ARKANSAS COURT OF APPEALS
NOT DESIGNATED FOR PUBLICATION
JUDGE JOSEPHINE LINKER HART
DIVISION IV
CALVIN WHITE
APPELLANT
V.
ARKANSAS ELECTRIC CO-OP, INC. AND CROCKETT ADJUSTMENT, INC.
APPELLEES
CA02-1207
June 25, 2003
APPEAL FROM THE ARKANSAS WORKERS' COMPENSATION COMMISSION COURT
[NO. F103456]
REVERSED AND REMANDED
Appellant Calvin White, a twenty-two year old laborer, appeals the decision of the Arkansas Workers' Compensation Commission (Commission) denying him benefits for his back injury. For reversal, appellant argues that the Commission erred in failing to find that his injury was causally related to his employment. We agree and reverse and remand.
Appellant testified that without submitting an employment application with the corporation, he was directly hired by Jeff Waters, his supervisor, as a tree trimmer and cutter for appellee, Arkansas Electric Co-op. Appellant, Waters, and Russell Falconburg, a co-worker, were removing damaged trees and debris from an ice storm in Roland, Oklahoma. During the entire three-week period of appellant's employment, the men worked ten to eleven hours each day on a four-day work week. The three men traveled together from their homes in Jasper, Arkansas, to Oklahoma, and they stayed during the work week in an
apartment that Waters and Falconburg had rented.

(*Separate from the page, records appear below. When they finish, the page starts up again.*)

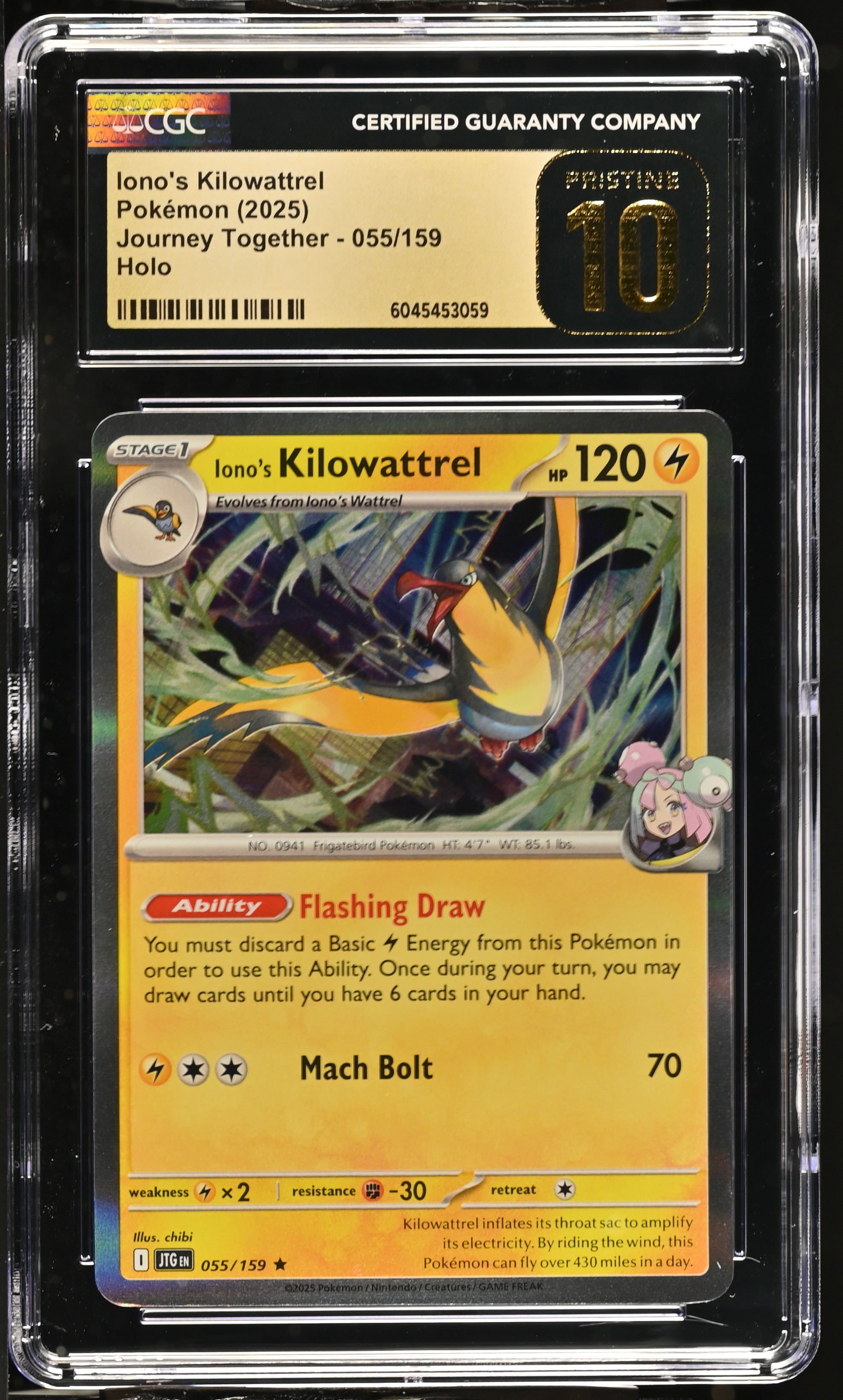 Iono's Kilowattrel 2025 Pokemon Journey Together Holo #055/159 (CGC PRISTINE 10 | Black Label)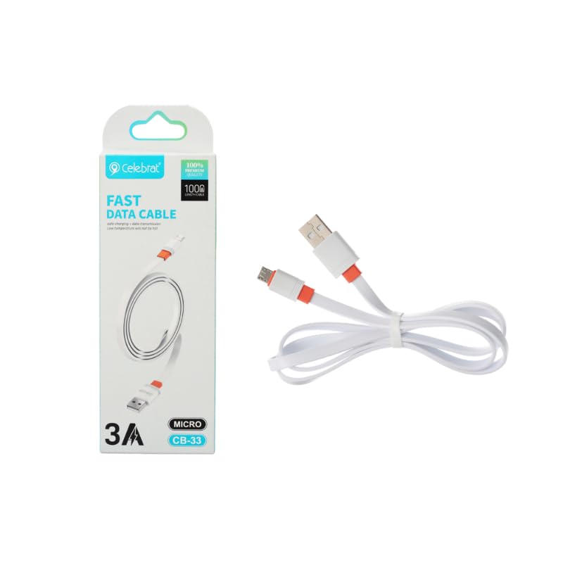 Celebrat - كابل CB-33 USB إلى Micro USB بقدرة شحن سريع 3 أمبير وسرعة نقل بيانات 480 ميجابت/ثانية، بطول 1 م، بتصميم سلك مسطّح من سيليبريت باللون الأبيض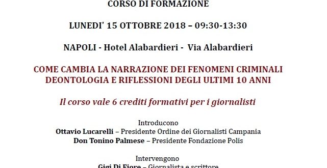 Leggi Tutto »Lunedì 15 ottobre, alle ore 9:30, presso l’Hotel Alabardieri (Napoli, via Alabardieri), si svolge il corso di formazione “Come cambia la narrazione dei fenomeni criminali. Deontologia e riflessioni degli ultimi 10 anni”.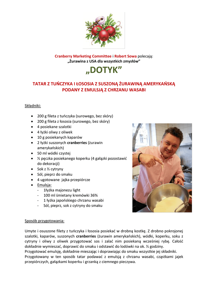 Cranberry Marketing Committee i Robert Sowa polecają: „Żurawina z USA dla wszystkich zmysłów” „DOTYK” TATAR Z TUOCZYKA I ŁOSOSIA Z SUSZONĄ ŻURAWINĄ AMERYKAOSKĄ PODANY Z EMULSJĄ Z CHRZANU WASABI Składniki: 200 g fileta z tuoczyka (surowego, bez skóry) 200 g fileta z łososia (surowego, bez skóry) 4 posiekane szalotki 4 łyżki oliwy z oliwek 10 g posiekanych kaparów 2 łyżki suszonych cranberries (żurawin amerykaoskich) 50 ml wódki czystej ½ pęczka posiekanego koperku (4 gałązki pozostawid do dekoracji) Sok z ½ cytryny Sól, pieprz do smaku 4 ugotowane jajka przepiórcze Emulsja: - 1łyżka majonezu light - 100 ml śmietany kremówki 36% - 1 łyżka japooskiego chrzanu wasabi - Sól, pieprz, sok z cytryny do smaku Sposób przygotowania: Umyte i osuszone filety z tuoczyka i łososia posiekad w drobną kostkę. Z drobno pokrojonej szalotki, kaparów, suszonych cranberries (żurawin amerykaoskich), wódki, koperku, soku z cytryny i oliwy z oliwek przygotowad sos i zalad nim posiekaną wcześniej rybę. Całośd dokładnie wymieszad, doprawid do smaku i odstawid do lodówki na ok. ½ godziny. Przygotowad emulsję, dokładnie mieszając i doprawiając do smaku wszystkie jej składniki. Przygotowany w ten sposób tatar podawad z emulsją z chrzanu wasabi, cząstkami jajek przepiórczych, gałązkami koperku i grzanką z ciemnego pieczywa.

Appellant testified that on Tuesday, February 27, 2001, at approximately 4:30 p.m., while pulling on a log he was trimming, he experienced a sharp pain in his back. Appellant described the pain as "real sharp and tense there for a few seconds" and his back became stiff and sore thereafter. Appellant stated that after he felt the sharp pain, the crew trimmed another tree and then returned to the apartment where they watched television and went to bed. After sleeping on a mat on the floor Tuesday night, appellant awoke the next morning feeling very sore; however, he did not say anything about his condition until he and his supervisor arrived at the job site. When Waters asked him to drive the bucket truck, he informed Waters that he was not able to do so because his back was hurting, and he could not lift his legs to work the pedals. He testified that he told his supervisor that "it would just about bring me to tears when I lifted my leg." According to appellant, Waters then asked him if he needed to see a doctor, and after he responded in the affirmative, Waters drove him to the apartment. The same day, appellant telephoned his mother, and at his request, she traveled to Oklahoma and drove him to Jasper where he sought medical treatment.

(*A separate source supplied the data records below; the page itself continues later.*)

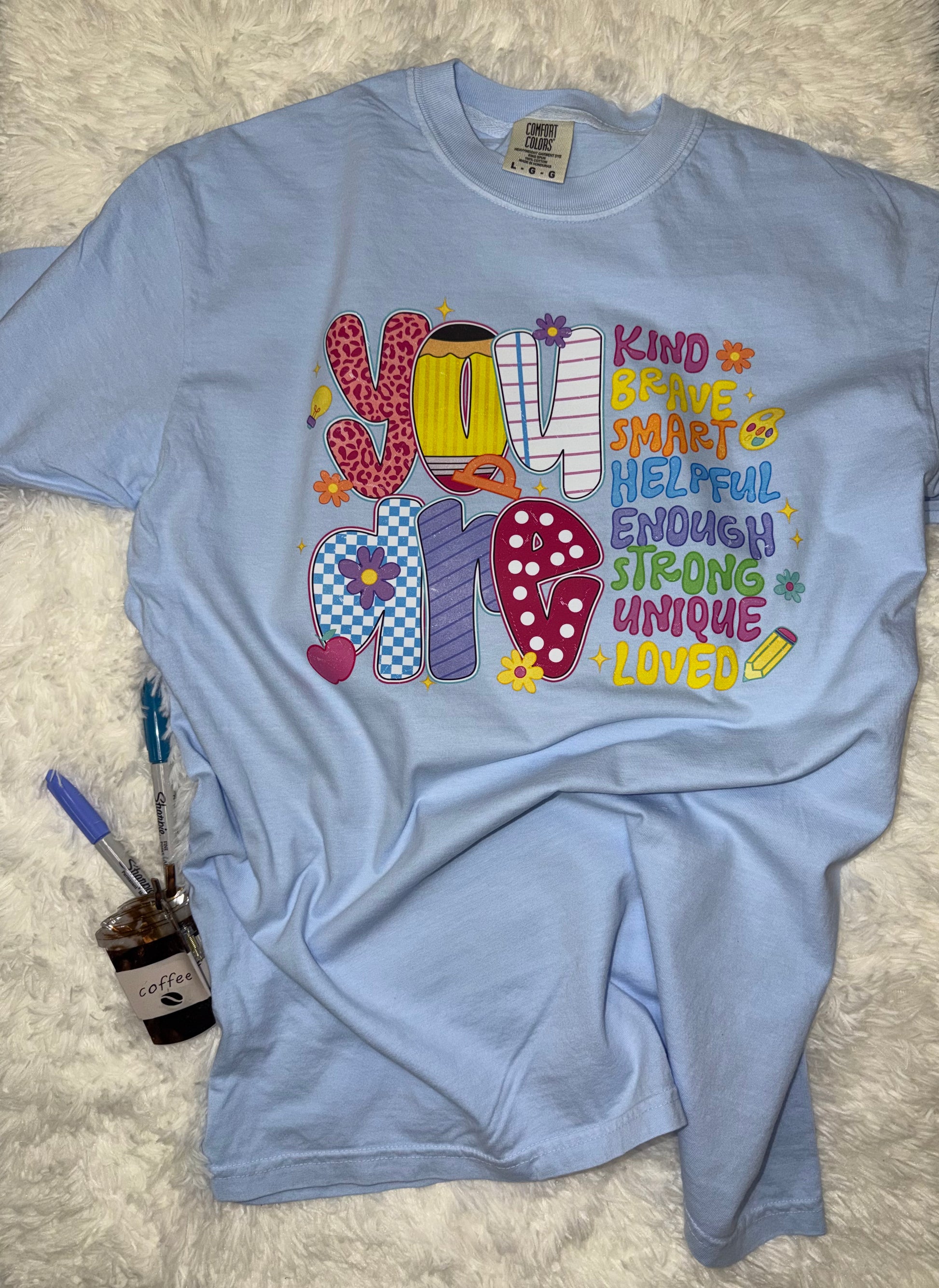 Wear your confidence on your sleeve with this vibrant affirmation tee designed to lift your spirits and spark positivity wherever you go. Featuring an uplifting message that celebrates self-love and empowerment, this comfortable everyday essential pairs perfectly with your favorite jeans or athleisure looks. Soft, breathable fabric keeps you feeling great all day long, while the eye-catching design serves as a daily reminder that you've got this. Perfect for anyone who believes in the power of positive vibes and wants to spread good energy to everyone around them.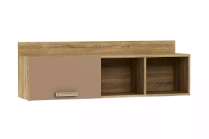 Полка органично дополнит рабочее место в детской. Закрытая секция модуля подойдет для хранения книг. Газлифты максимально высоко поднимают фасад вверх, обеспечивая большую площадь обзора содержимого. Предметы декора будут хорошо смотреться в открытых секциях полки.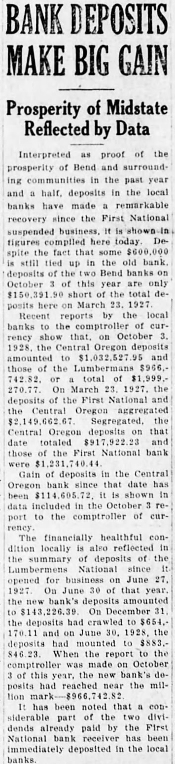 Interpreted proof of the prosperity of Bend and surrounding communities in the past year in the local and deposits banks have made remarkable recovery since the First National suspended business. It tigures complled here today. Despite the fact that some still tied in the old bank. up deposits of the Bend banks on October of this year are only short of the total deposits here on March 23. 1927 Recent reports by the local banks to the comptroller of currency show that, on October 1928. the Central Oregon deposits amounted to and those of the Lumbermans $966.or total of 270.77. On March 23. 1927. the deposits of the First National and the Central Oregon aggregated Segregated. the Central Oregon deposits on that date totaled and those of the First National bank Gain of deposits in the Central Oregon bank since that date has been shown in included in the October report to the comptroller of currency. The financially healthful condition locally is also reflected in the summary of deposits of the Lumbermens National since opened for business on June 27, 1927 On June 30 of that year. the new bank's deposits amounted to $143,226.39. On December 31. the deposits had crawled to $654.and on June 30. 1928, the deposits had mounted to $883.When the report to the comptroller was made on October of this year, the new bank's deposits had reached near the million has been noted that considerable part of the two dividends already paid by the First National bank receiver has been immediately deposited in the local banks.

Appellant testified that he was initially treated the following day at the Jasper Clinic on March 1, 2001. The medical records reflect that appellant "popped something out in his lower back yesterday" and that he had limited range of motion to his spine, muscle spasm, and back pain. Appellant was given a steroid injection and was prescribed medication. On March 6, 2001, appellant returned to the doctor's office, and the records indicate that his back was "no better" and that the pain was "about the same." On March 13, 2001, appellantagain was treated at the Jasper Clinic, and their records reflect that appellant continued to experience a limited range of motion of the spine and suffered back pain. An MRI was performed on March 15, 2001, at the North Arkansas Regional Medical Center in Harrison. The MRI report showed that appellant sustained a herniated nucleus pulposus in his back at levels L3-4 and L4-5.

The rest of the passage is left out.